INPUT DATA Block Start

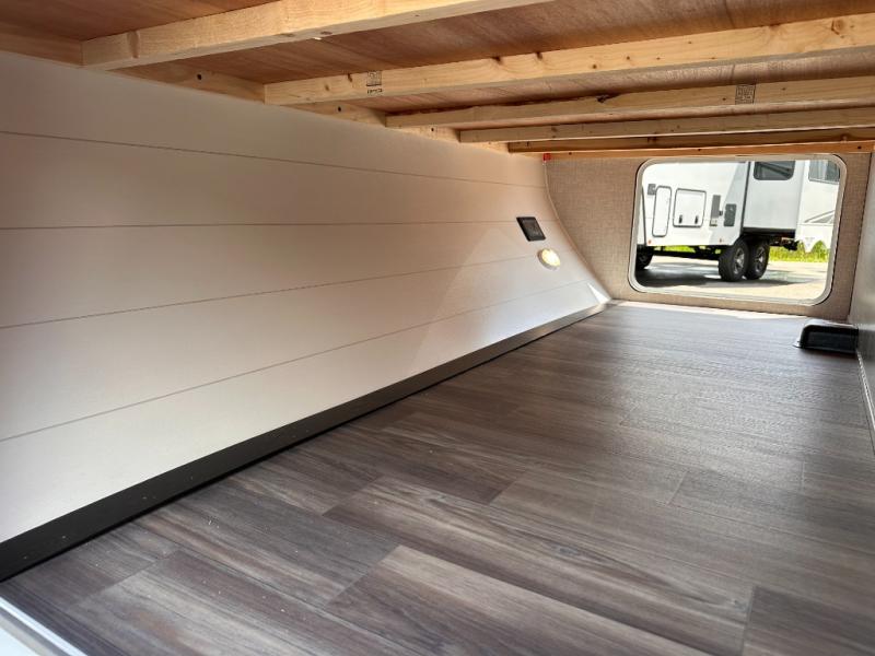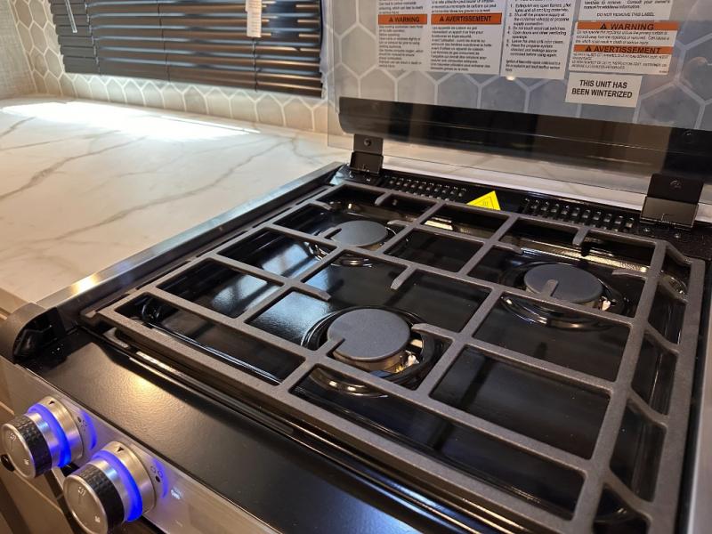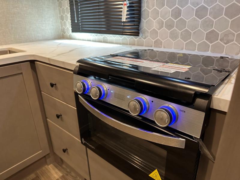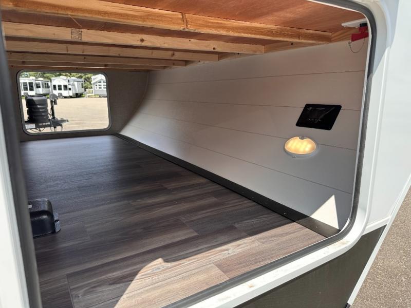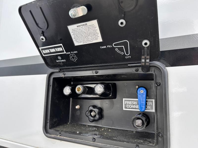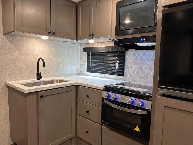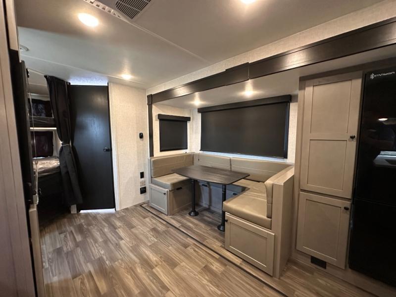 This trailer allows a bigger group enough space to sleep eight, plus an inside kitchen with full amenities and an outside kitchen to feed everyone! The combined living and kitchen area is spacious with a large slide out that includes the U-shaped dinette which doubles as sleeping space, a pantry and the 10 cu. ft. 12V refrigerator which allows more floor space when inside. The cook will enjoy the L-shaped area to make meals with overhead storage for cooking items, and everyone can watch the smart HDTV/entertainment center, and there is a second pantry behind the TV for even more storage. The full bathroom will keep everyone clean before bedtime, and the exterior spray port will keep your shoes and bikes clean.
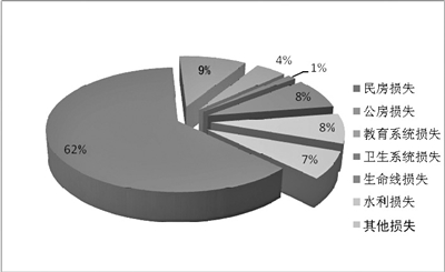 2003年—2010年,云南省地震灾害总经济损失为117.87亿元。其中,民房损失73.29亿元,占62.18%;公房损失10.76亿元,占9.13%;教育、卫生系统损失6.34亿元,占5.38%;生命线系统损失9.67亿元,占8.20%;水利系统损失9.13亿元,占7.75%;其他损失8.68亿元,占7.36%。
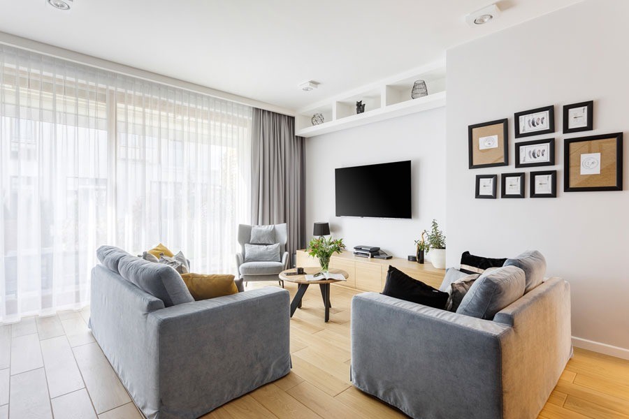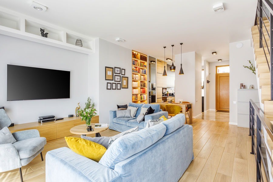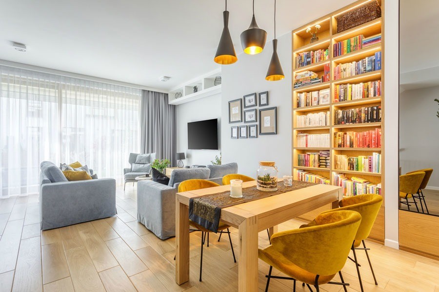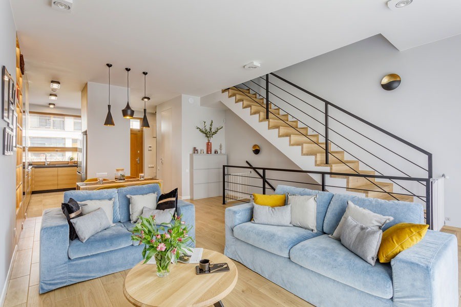 Salon, będący drugim ważnym miejscem w mieszkaniu, został zaprojektowany tak, aby łączyć nowoczesność z przytulnością. Wygodne sofy zapewniają komfortowy wypoczynek, a ciekawa część jadalniana stanowi idealne miejsce do spożywania posiłków i spotkań z bliskimi. Kolorystyka i styl salonu są spójne z resztą mieszkania, co nadaje całości harmonijnego charakteru.
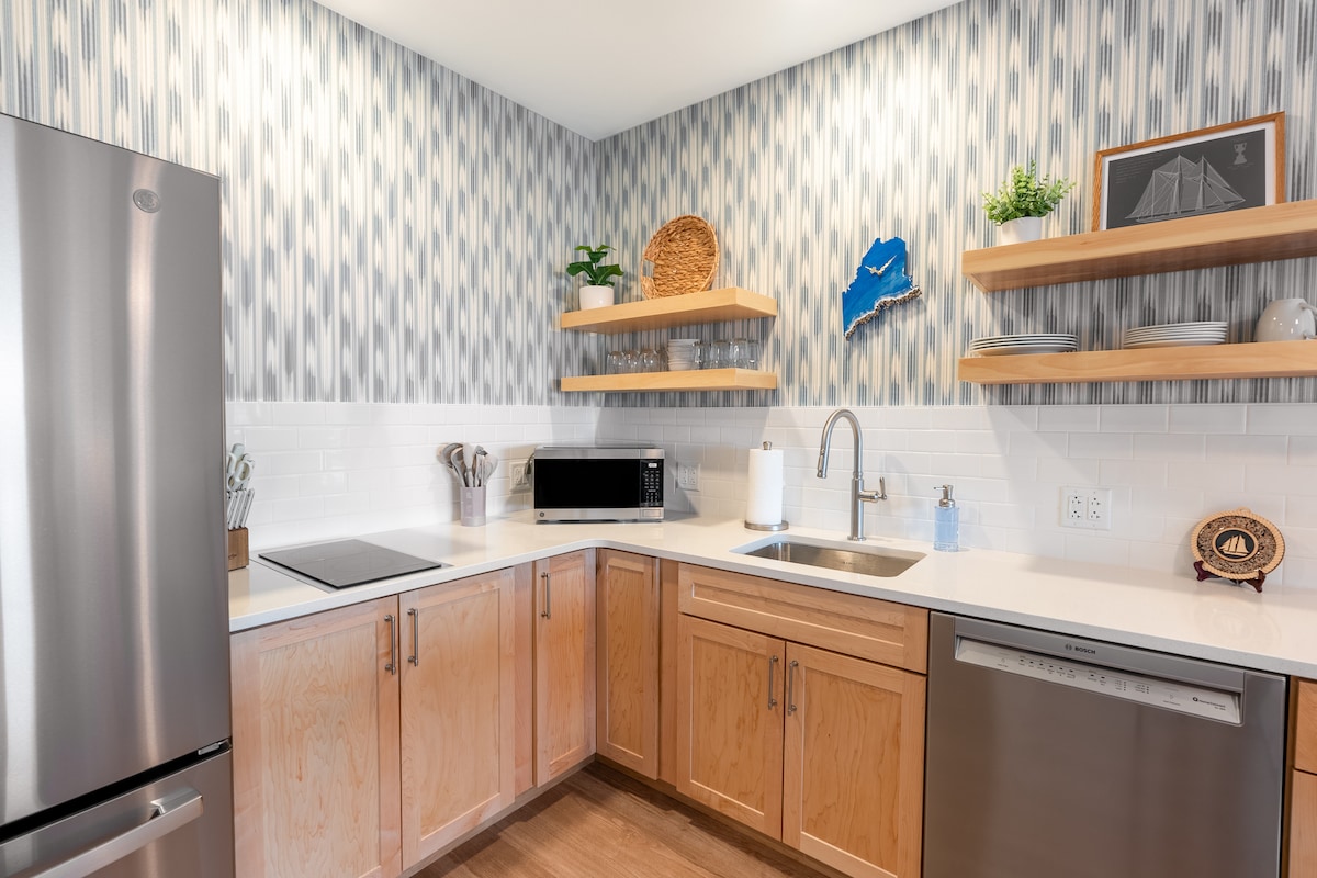Estos apartamentos nuevos de tamaño king cuentan con cocina completa, sala de estar abierta con chimenea eléctrica, sillón de masaje, (2) televisores inteligentes de 55 pulgadas, cama tamaño king y sofá cama. El balcón ofrece vistas parciales de Frenchman Bay y las islas Porcupine. El baño tiene una ducha a ras de suelo de gran tamaño con un cabezal de ducha de efecto lluvia, un asiento de inodoro de bidé, un tocador doble, batas de felpa y un espejo de maquillaje. Del 26 de octubre al 7 de mayo, los servicios de la propiedad estarán cerrados por temporada. Pregunta al anfitrión.
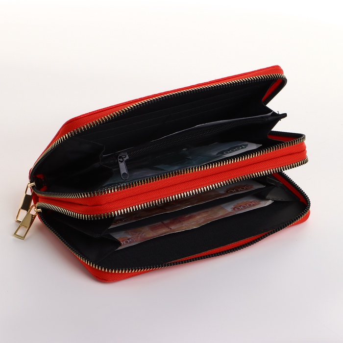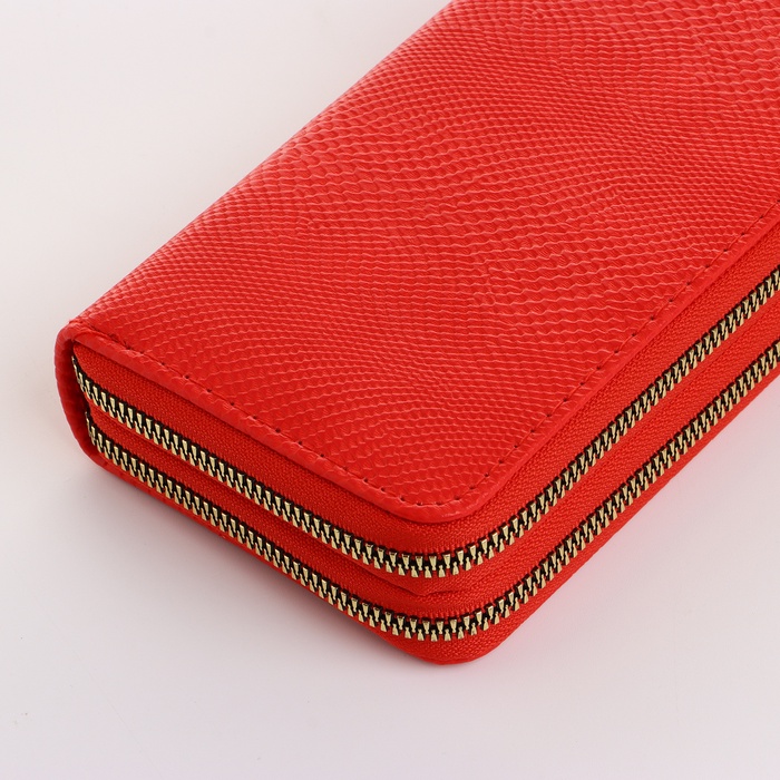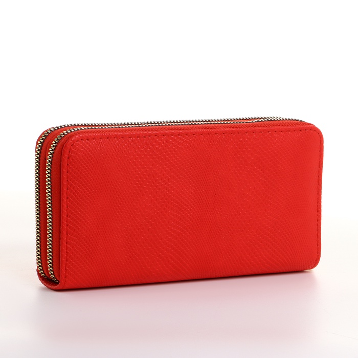 Кошелёк женский на молниях, 19×4×10.5 см, текстурный, красный — Характеристики
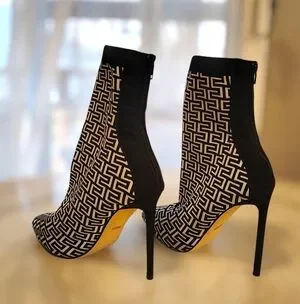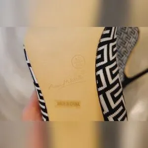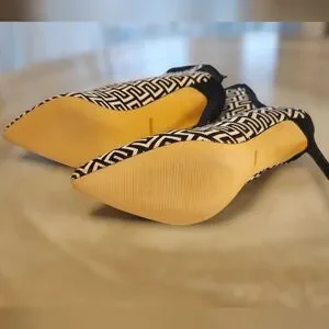 Stylish Anna Mitchell ankle boots with a striking geometric pattern. Features a black and white design.
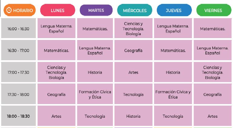 El primer grado de secundaria se impartirá de 16:00 a 19:00 horas, hora del centro del país, con repetición a las 21:30 horas.

INPUT DATA Block End

TASK DIRECTIONS: Start with the first line of the records above and end with the line containing "Salon, będący drugim". Output those lines exactly, pictures excluded.

ANSWER TO THE PROBLEM:
 This trailer allows a bigger group enough space to sleep eight, plus an inside kitchen with full amenities and an outside kitchen to feed everyone! The combined living and kitchen area is spacious with a large slide out that includes the U-shaped dinette which doubles as sleeping space, a pantry and the 10 cu. ft. 12V refrigerator which allows more floor space when inside. The cook will enjoy the L-shaped area to make meals with overhead storage for cooking items, and everyone can watch the smart HDTV/entertainment center, and there is a second pantry behind the TV for even more storage. The full bathroom will keep everyone clean before bedtime, and the exterior spray port will keep your shoes and bikes clean.
 2003年—2010年,云南省地震灾害总经济损失为117.87亿元。其中,民房损失73.29亿元,占62.18%;公房损失10.76亿元,占9.13%;教育、卫生系统损失6.34亿元,占5.38%;生命线系统损失9.67亿元,占8.20%;水利系统损失9.13亿元,占7.75%;其他损失8.68亿元,占7.36%。
 Salon, będący drugim ważnym miejscem w mieszkaniu, został zaprojektowany tak, aby łączyć nowoczesność z przytulnością. Wygodne sofy zapewniają komfortowy wypoczynek, a ciekawa część jadalniana stanowi idealne miejsce do spożywania posiłków i spotkań z bliskimi. Kolorystyka i styl salonu są spójne z resztą mieszkania, co nadaje całości harmonijnego charakteru.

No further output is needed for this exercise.